I just read in Runners World Magazine that I could shave off two minutes of my marathon time if I lost five pounds. I could probably shave 30 minutes off if I just ran faster. But neither one seems to be happening right now. I just love food too much. And cake.

Speaking of cake – we celebrated our running coach’s birthday this weekend. I love to bake and decorate cakes almost as much as I love to eat them. So I made this triathlon cake - realizing half way through the process, that people who are really dedicated triathletes don’t eat cake! Oh well, more for me to enjoy… now on to that Weight Watcher’s journal….



Saturday, August 8, 2009

And the countdown begins


We are officially nine weeks away from the Chicago marathon. I know nine weeks will fly by - but if I do the math (another thing I am not good at -- will explain that later) - that adds up to about 300 more training miles to go. That doesn't even seem possible.

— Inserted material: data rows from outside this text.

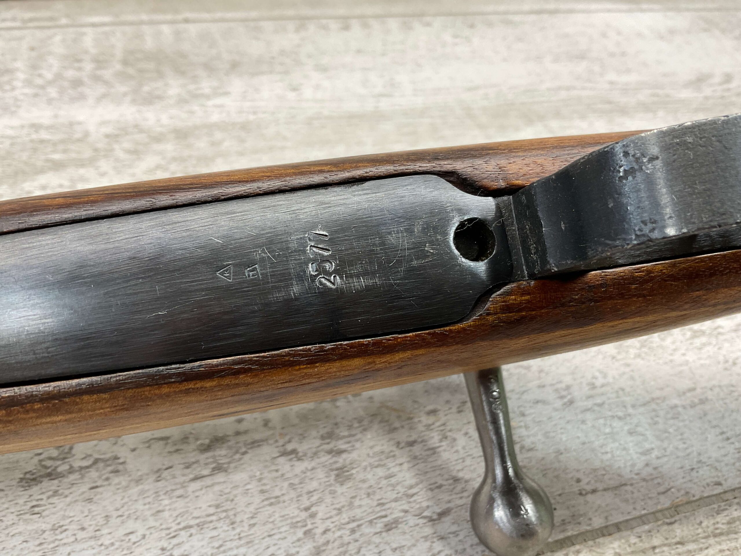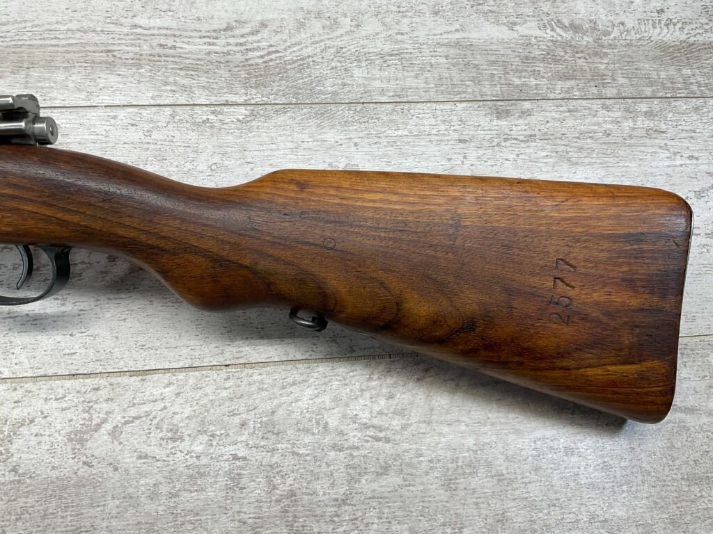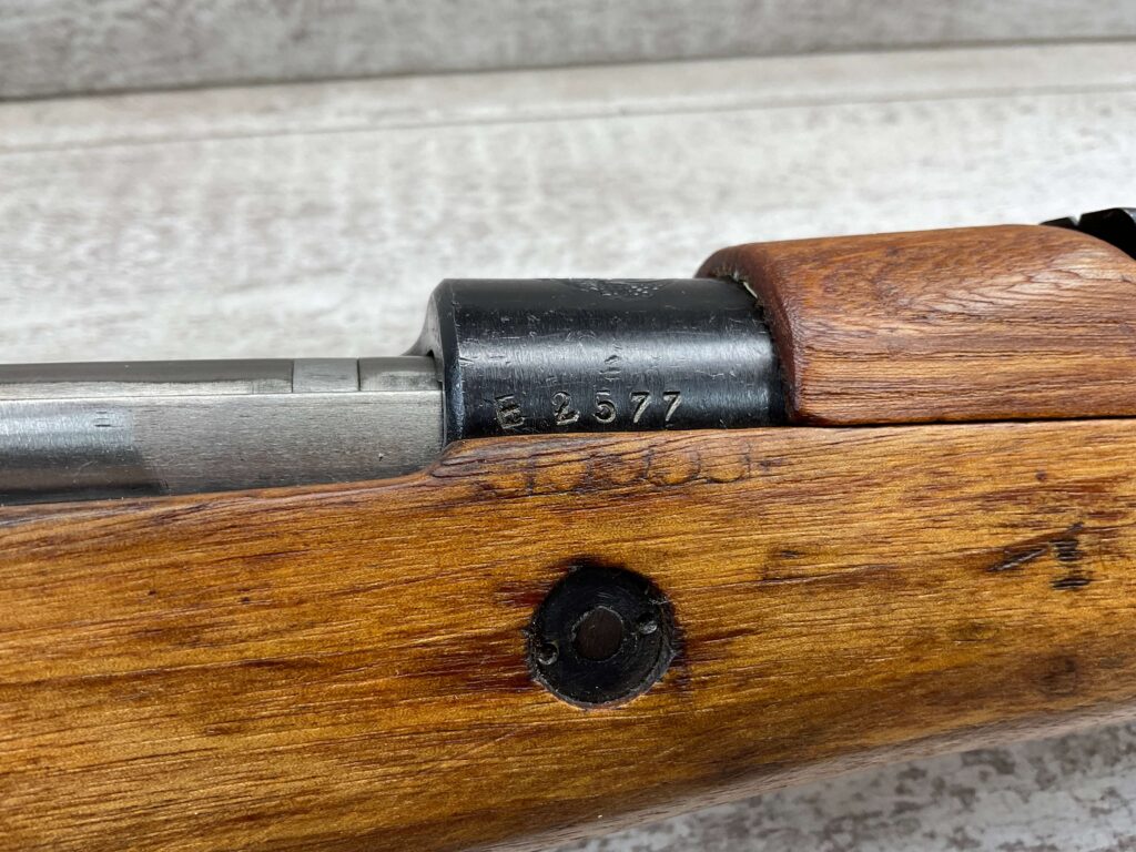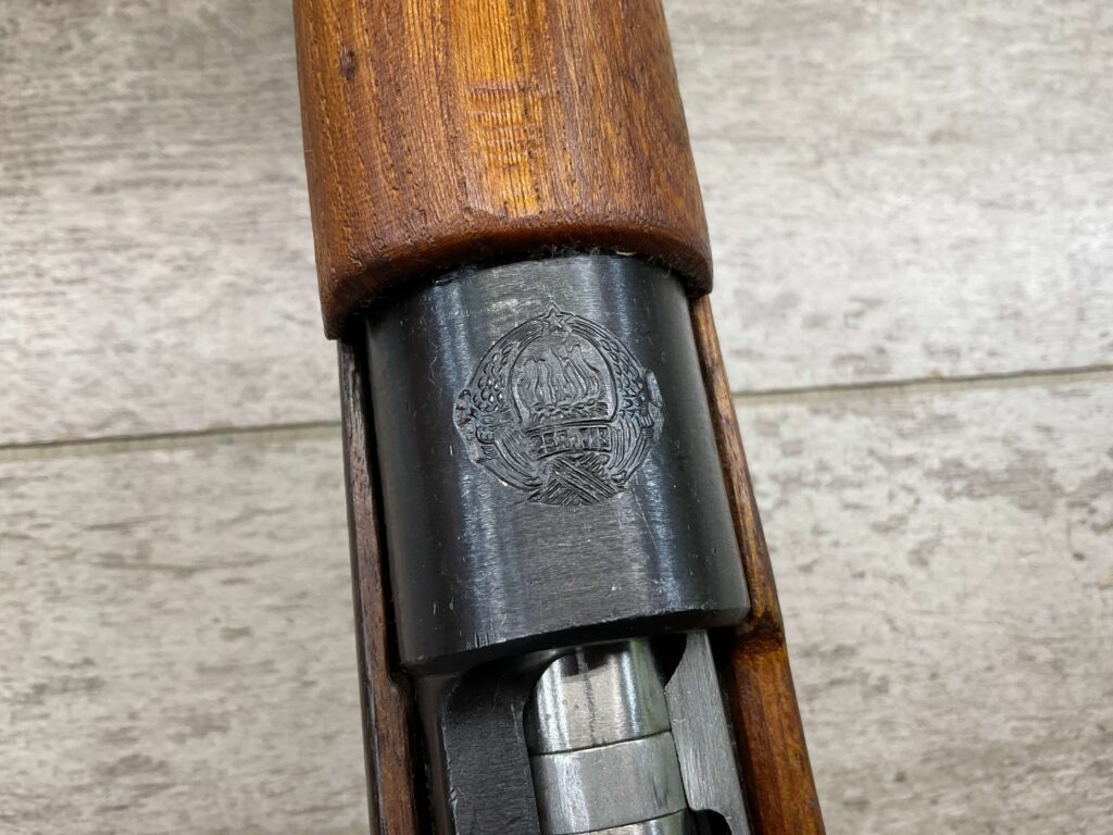 IMPORT MARK ON SIDE OF BARREL “N.I. LLC W. HURLEY, NY / YUGOSLAVIA MOD 24/47 8MM”, RIGHT SIDE OF RECEIVER MARKED “E2577”, TOP OF RECEIVER MARKED WITH FULL YUGOSLAVIAN CREST, LEFT SIDE OF RECEIVER MARKED “M24/47 / ПРЕДУЗЕЂЕ 44”, LEFT SIDE OF SIGHT MARKED WITH TRAPEZOID WITH N AND ANOTHER UNKNOWN NUMBER, MAGAZINE PLATE MARKED “2577” ALONG WITH TWO CORRECT PROOF MARKS, END OF LEFT SIDE OF STOCK MARKED “2577”.
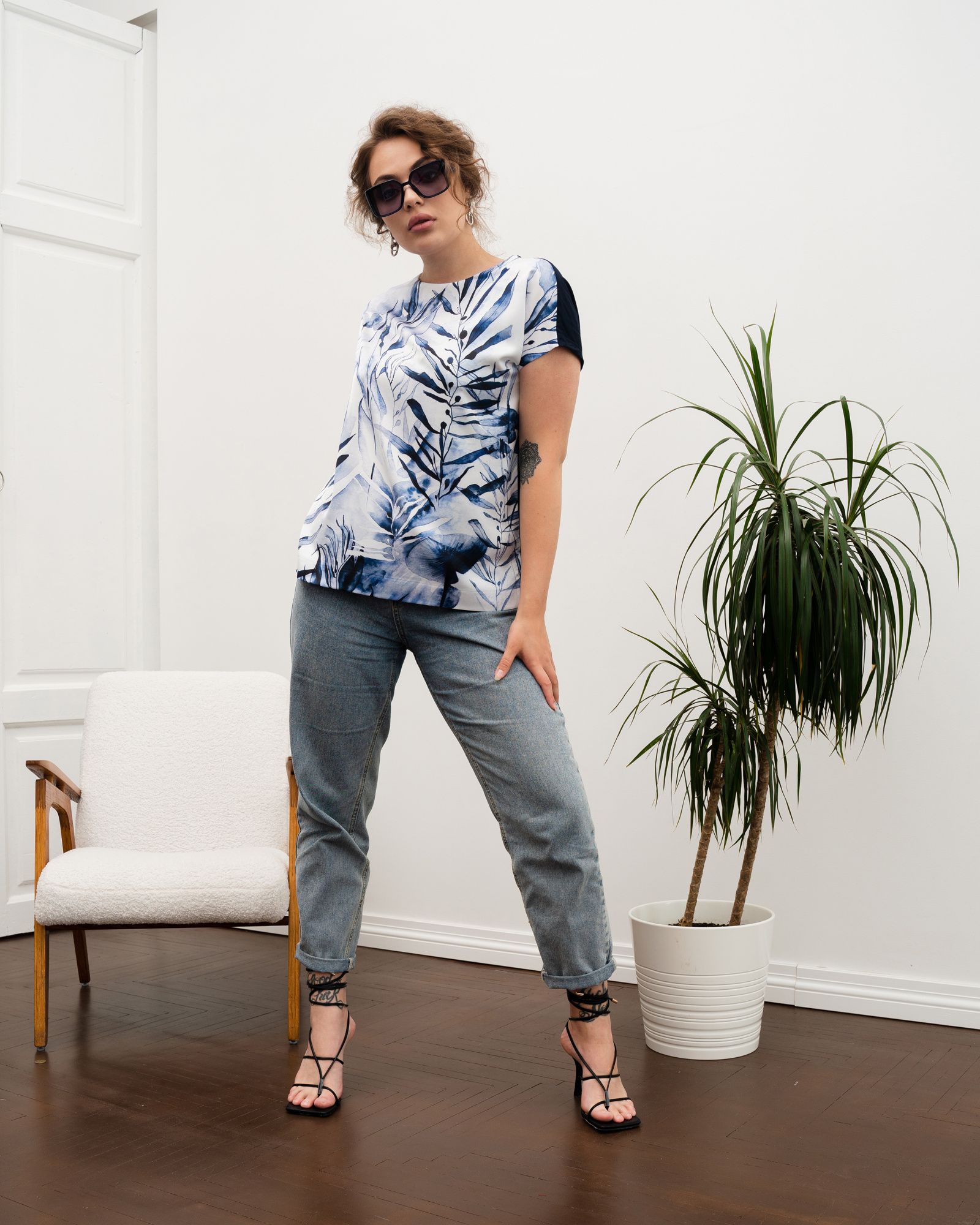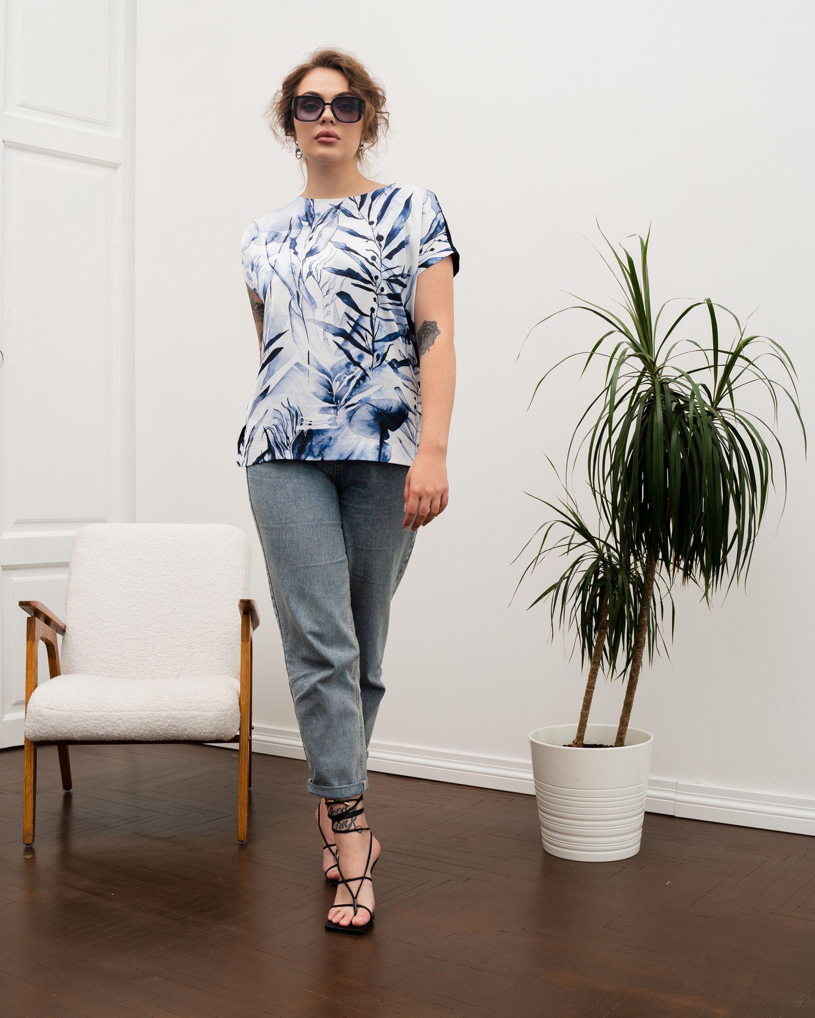 Спереди под принт используется шёлк «Армани». Это ткань, которая по внешнему виду похожа на натуральный шёлк. Но Армани намного проще в уходе, более упругая и плотная по структуре, а также хорошо удерживает краски рисунка в волокнах. Поэтому наши принты износостойкие, не крошатся, не линяют и остаются яркими на протяжении нескольких сезонов.
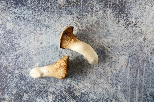 Fresh King oysters mushrooms topview on a light blue wooden background
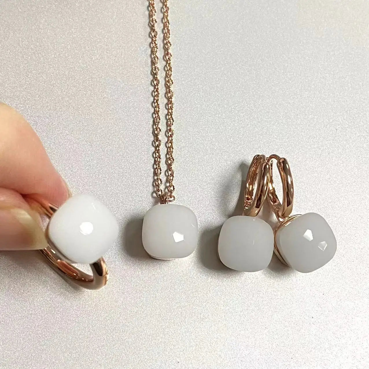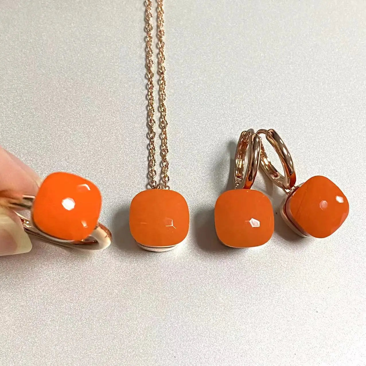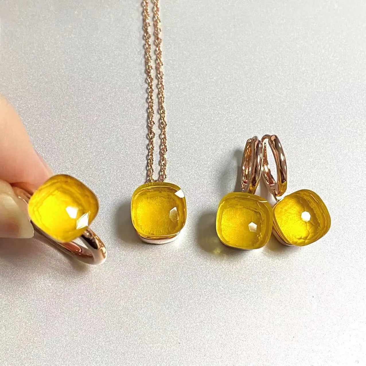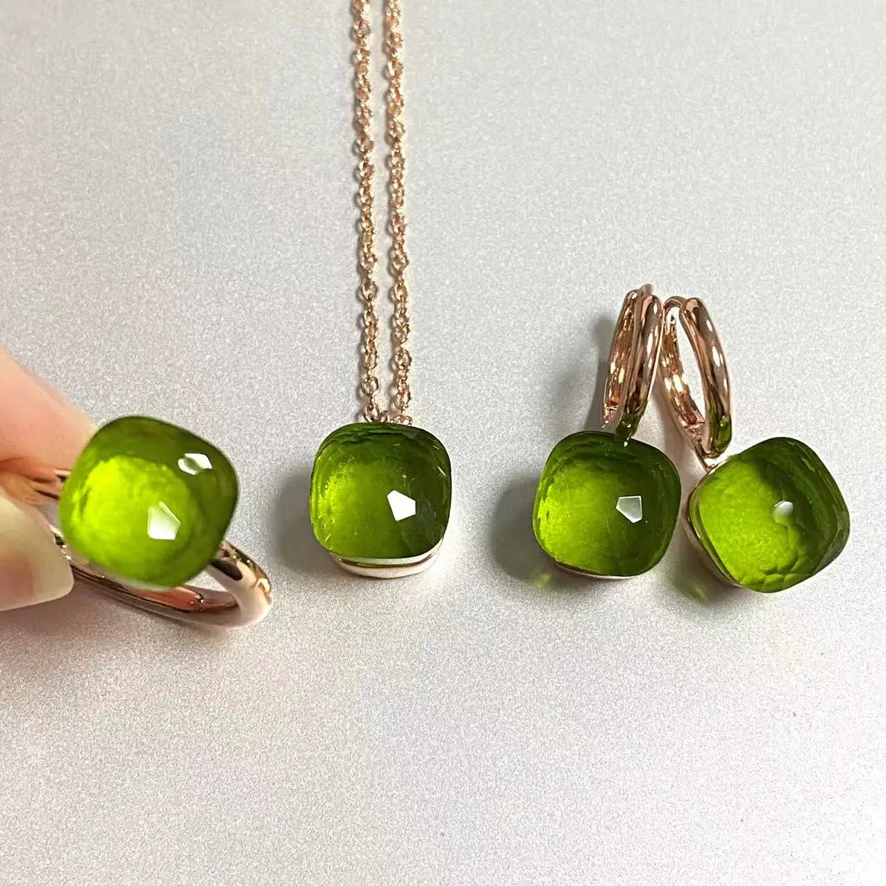 3Pcs/Set Women Ring Earrings Necklace Jewelry Set 34Colors Pink Crystal Jewelry Set Rose Gold Plated Jewelry
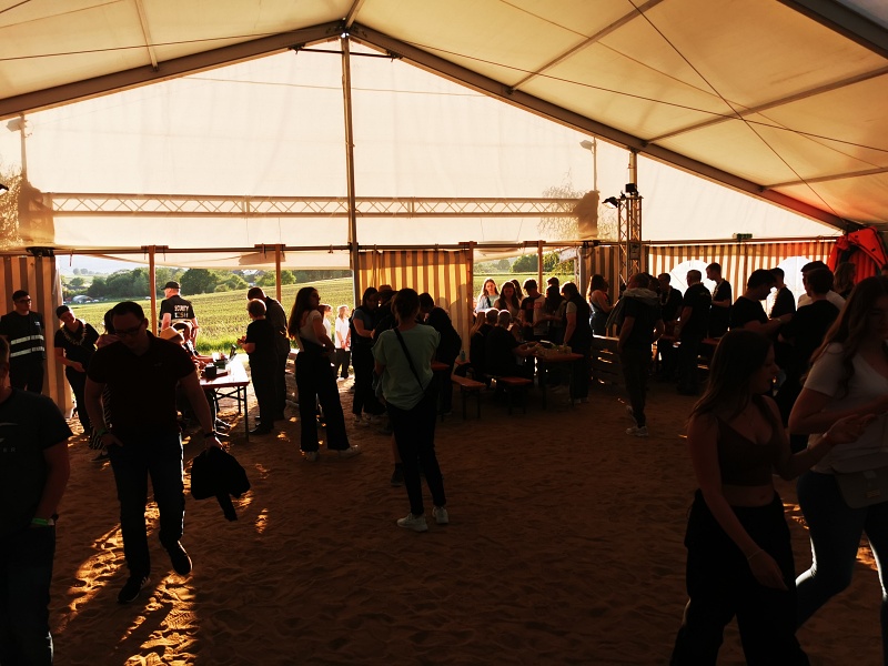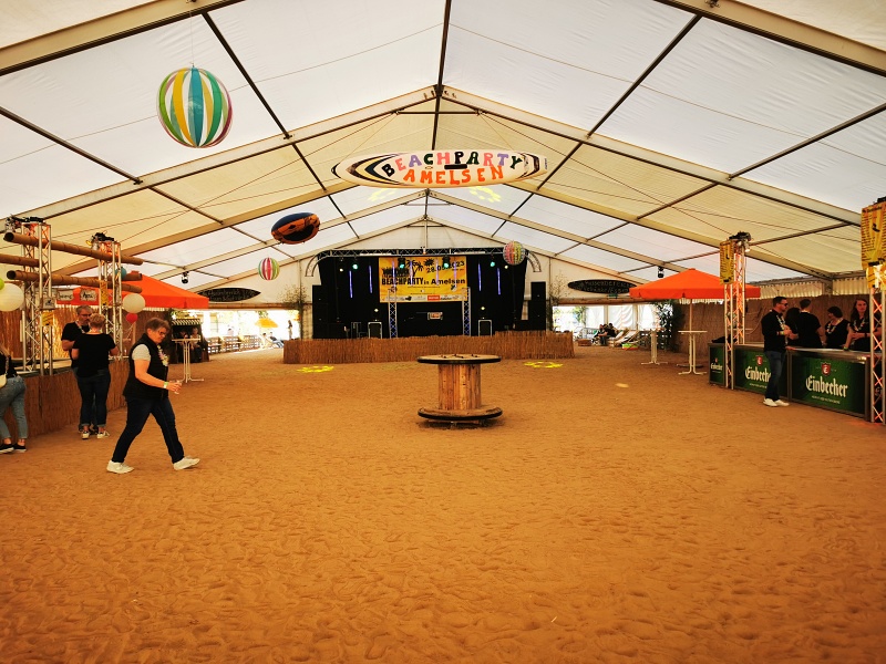 Es sind nicht nur die 50 Tonnen Sand, die man unter den Füßen spürt, sondern auch die Liebe zum Detail, die Schlauchboote, ein Segelboot, Strandkörbe und vieles mehr, die die Beachparty zu einem einmaligen Event in der Region werden lässt. Nach dem Motto "The same procedure as eyery year" startete der legendäre "DJ Tanzbär" mit dem Abba Song "Chiquitita" pünktlich um 20:00 Uhr die "Beachparty Vol. 4". Während des Songs bildeten alle Helfer der Beachparty, einheit- lich gekleidet mit schwarzem Oberteil und Hawaii-Kette, auf dem riesigen Zeltareal einen Kreis und stimmten so auf die Beachparty ein.
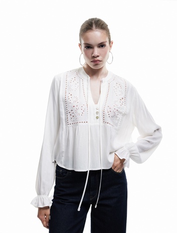 Kolsuz Astarlı Slim Fit Fistolu Brodeli Fırfırlı Omzu Açık Crop Bluz

Even worse -- if I translate that into hours of training - I could have taken a second job and actually gotten paid for this time. *Sigh* But oddly enough, I seem to enjoy most of this self-inflicted abuse.

Today Paula and I ran/walked/talked for 20 miles. This was Paula's longest distance ever. (But not by much -- I miscalculated the distance last week and we ended up going 19.75.) I did my first marathon at Disney World this past January, so I know the glory and pain of a 20 mile training run. But I was tired today. And Paula was not. It took everything I had to keep up. Which is why I love running with company. We motivate each other on days when one of us would be perfectly happy getting into our car and driving home.


Each week I seem to have some sort of injury/challenge to report after these monster runs. Today's word is CHAFING. And I will leave it at that!

Jane at Tri and Run took this gorgeous photo of us at the end of our run today (and before I was feeling any pain!)